One suggestion is to repeal what we call subsection (O)—it’s section 161.001(b)(1)(O) of the Family Code, and it allows a parent’s rights to be terminated forever if the parent fails to check every box on a long list of things the state wants them to do to get their child back. The thing is—there’s another provision that allows termination of rights if the parent endangers the child. So, the State only needs to use subsection (O) if it can’t prove that the parent has endangered the child. But if the State can’t prove that, then why on earth would we destroy that family?
Termination of parental rights is the civil death penalty. When the State goes to court to take somebody’s children, it’s not opening up a collaborative therapy session. It’s initiating adversarial litigation of the highest stakes imaginable. We need to do more to ensure that desperate parents in these cases have vigorous representation, and we need to make sure the Family Code doesn’t stack the deck against the parent before the case starts. Repealing subsection (O) would be a good start. Representative Dutton has a bill that would do this, and I commend his bill to your consideration.
I’ll close with this. The Supreme Court’s official motto, inscribed in Latin on the bench where we sit is: Sicut Patribus Sit Deus Nobis. “May God be With Us, as He Was With Our Fathers.” Surely God was with our Fathers, who built and sustained this beautiful state we’ve inherited. And surely, He has been with us, as Texas has grown and prospered.
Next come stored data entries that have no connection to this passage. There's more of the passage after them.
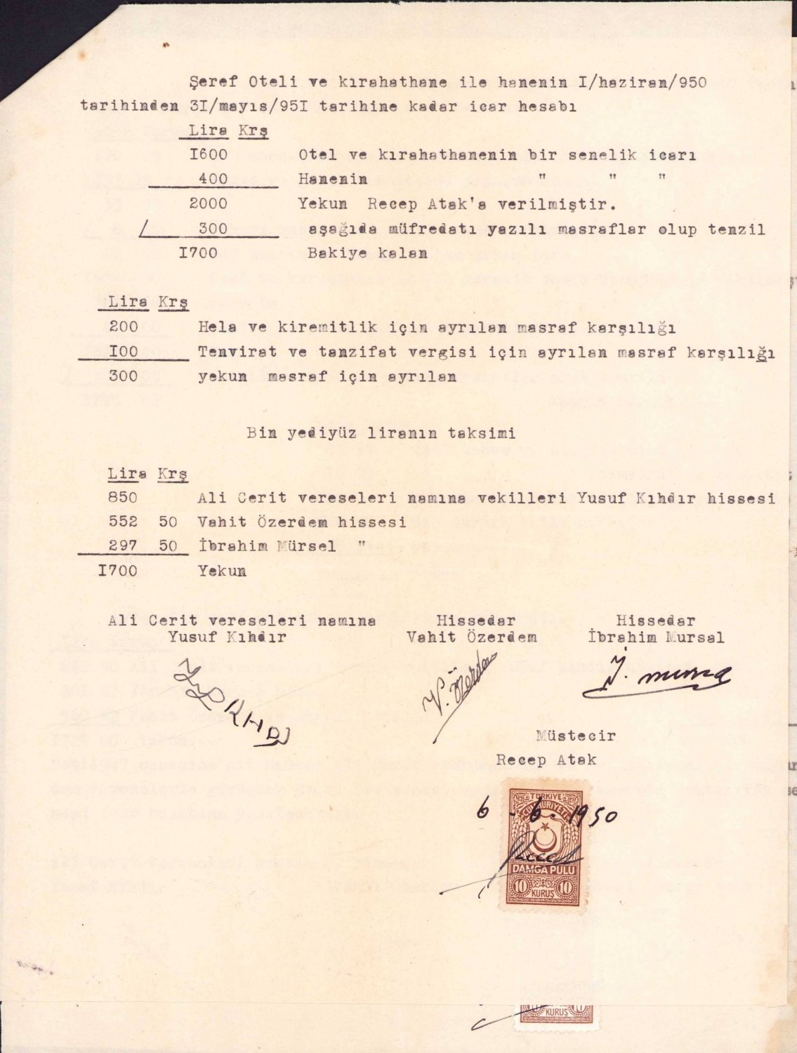 Merzifon Şeref Oteli Defteri 1949 - 1950 yılları ve bazı evraklar
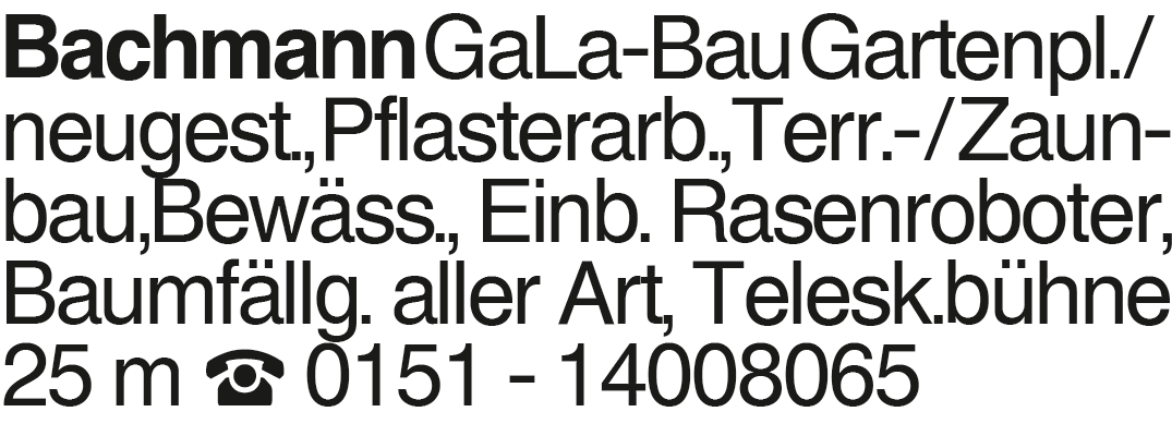 Bachmann GaLa-BauGartenpl. Bachmann GaLa-Bau Gartenpl./ neugest., Pflasterarb.,Terr.-/Zaun- bau,Bewäss., Einb. Rasenroboter, Baumfällg. aller Art, Telesk.bühne 25 m 0151 - 14008065Das könnte Sie auch interessieren
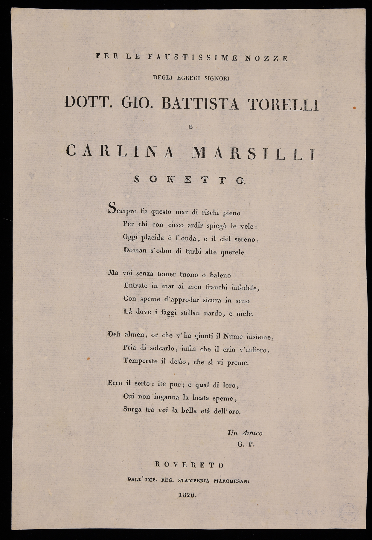 | Per le faustissime nozze degli egregi signori dott. Gio. Battista Torelli e Carlina Marsilli, sonetto |
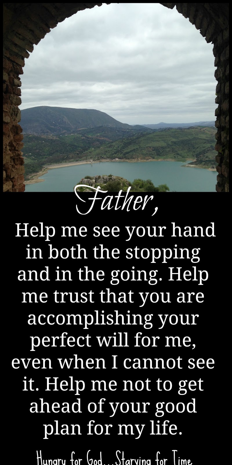 Father, help me see your hand in the stopping and in the going. Help me trust that you are accomplishing your perfect will for me, even when I cannot see it. I know you can use every circumstance to make me more like Jesus. Help me not get ahead of your good plan for my life. In Jesus name I pray, Amen.
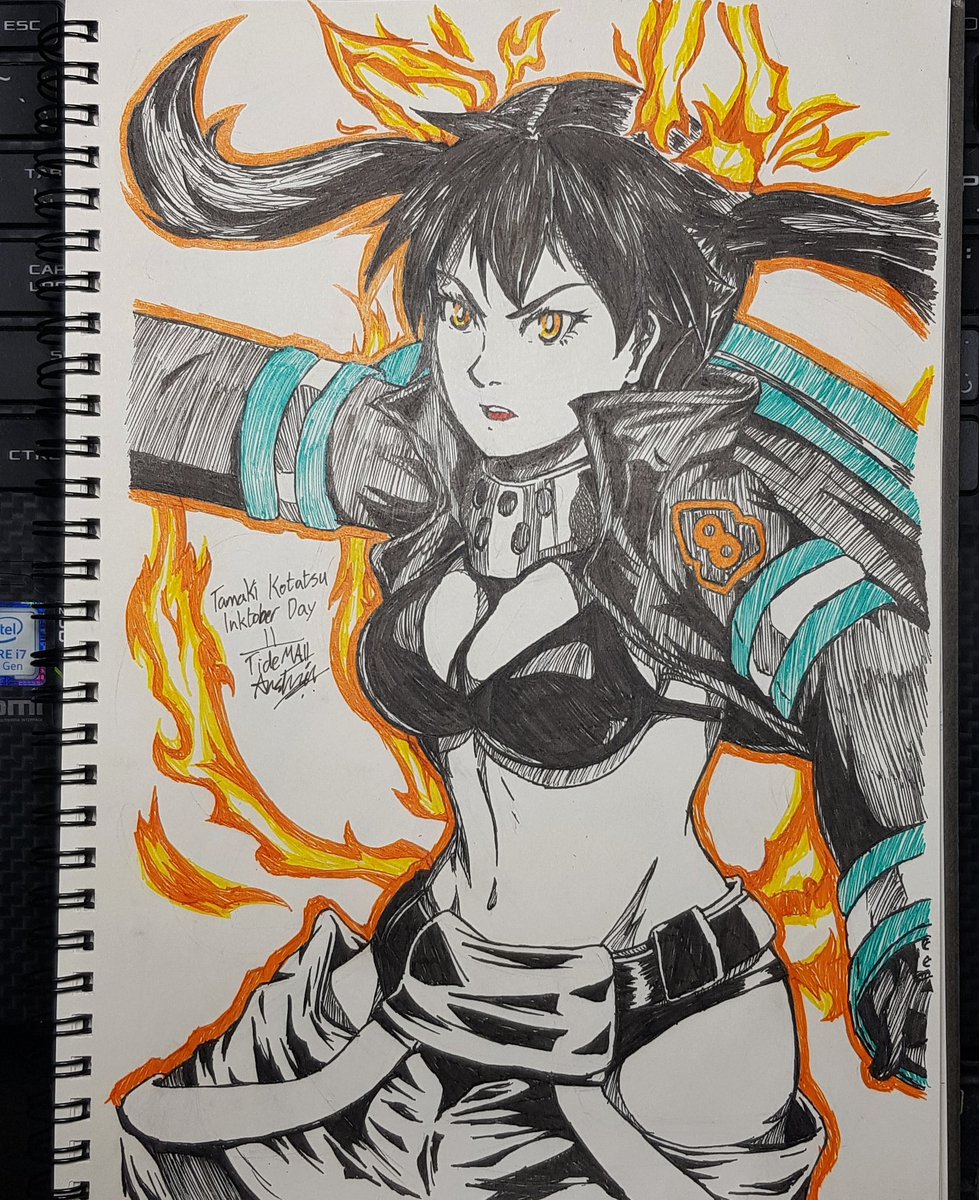 Day 11 - Tamaki from Fire Force. It’s a great anime with great action sequences. #arttrober2019 #inktober2019 #tamakikotatsu #fireforce
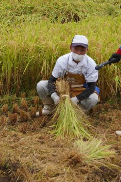 刈った稲のまとめ方も教えていただきました。
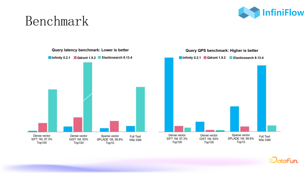 上图中是我们当前使用的一些指标,与当前流行的开源向量数据库和搜索引擎分别进行了对比,左边是延迟,数值越低越好,右边是 QPS,数值越高越好。可以看到,目前我们在这几个数据集上都具有领先优势。
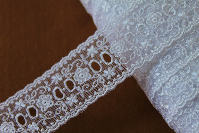 刺繍レース オフホワイト 幅6.7cm薔薇柄 3m巻 [2071 オフ白]
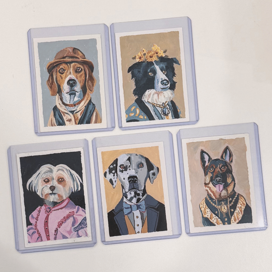ACEO stands for Art Cards, Editions and Originals - miniature artworks traditionally sized at approximately 2.5" x 3.5" (the same size as a standard trading card).

Our duty now, together—across the branches of government and across the political parties—is to be good stewards of this treasure we’ve been given; to polish it of its imperfections, but only with great care and love; to live out the oaths we have all taken to preserve, protect, and defend our Constitution; and to deliver equal justice, under the law, for every Texan—young and old, rich and poor, Republican and Democrat. And as we work together to do all of these things. May God Be With Us, As He Was With Our Fathers!
Thank you all! God Bless You! God Bless TEXAS!